Brazilian Adventure (book review)

Book review from The Movie Snob

Brazilian Adventure, by Peter Fleming (Northwestern University Press 1999). First, the backstory. Peter Fleming was a British journalist and the brother of James Bond creator Ian Fleming. In 1927, a British colonel named P.H. Fawcett led an expedition into the Amazon jungle and disappeared. In 1932, somebody mounted an expedition to try to find out what had happened to Colonel Fawcett, and Peter Fleming, a literary editor in his 20s, signed up. This is his account of his own ill-fated expedition, which avoided complete disaster but consisted mostly of one minor fiasco after another. I found his style to be irresistibly amusing.
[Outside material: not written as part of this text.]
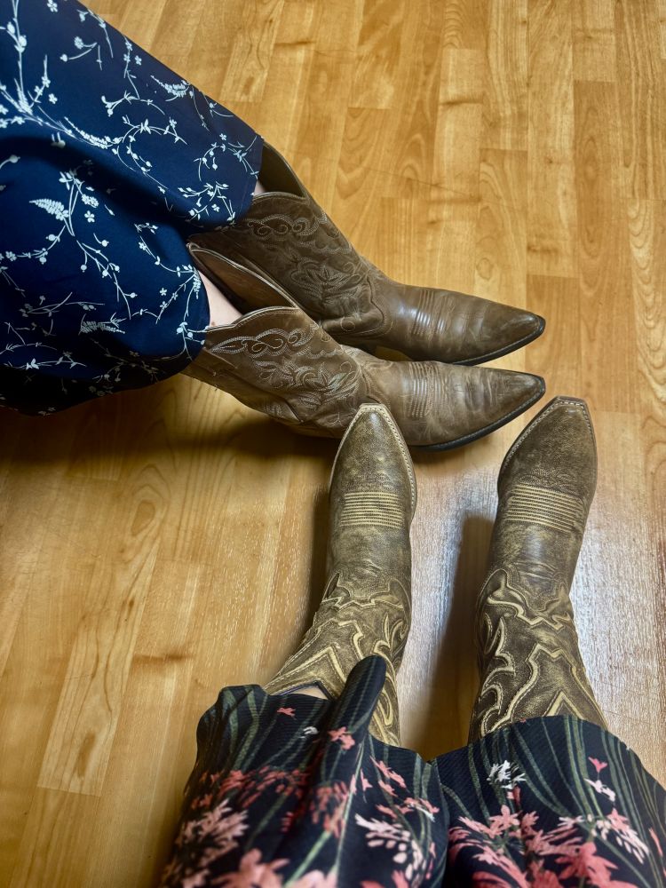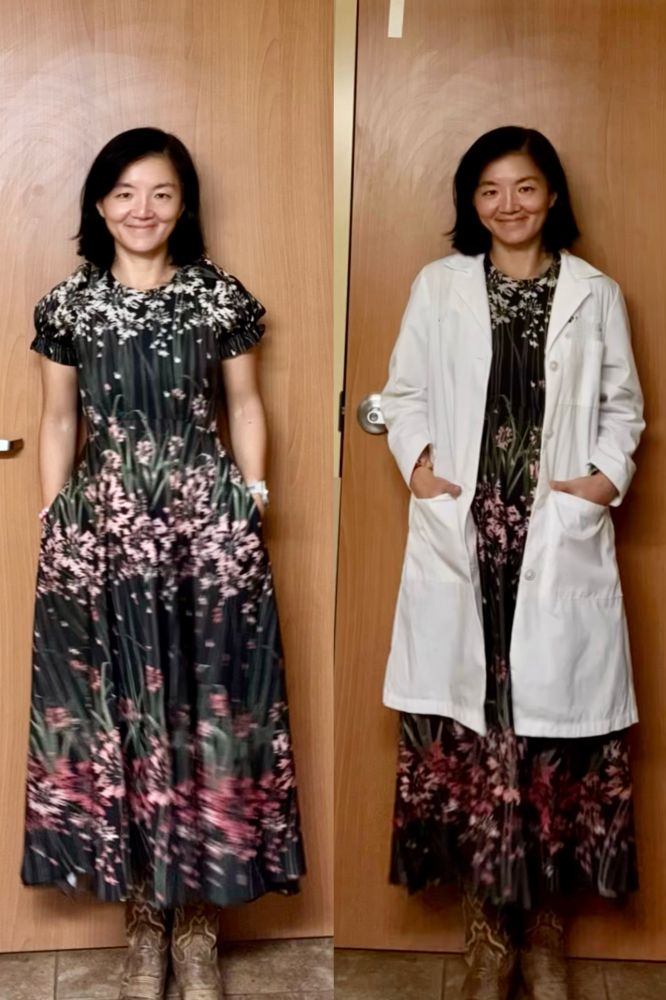 我这个病人看了好多年了,从她是个很年轻的女生就开始看,现在已经有两个孩子了。长得非常漂亮,性格也很好。每次看到她都很愉悦,呵呵。 今天她穿了牛仔靴,配上长裙,特别漂亮,正好我也穿了长裙靴子,赶紧合影一张。呵呵。得到她批准,可以贴,哈哈

After meeting the expedition’s mysterious leader, Major Pingle, and learning his plan for the journey, he writes, “It almost looked as if we had a chance of something better than an honourable failure.” Writing of a fantastically remote campsite in which he and his two companions could have been attacked by jaguars or hostile natives, he confesses, “We saw nothing more formidable than a toad, detected in the act of climbing into my trouser pocket as I slept. If I knew my job, I should say it was a man-eating toad; but I cannot slander so trustful a creature.” I enjoyed the book quite a bit, not least because I know I am never going to do anything so crazy.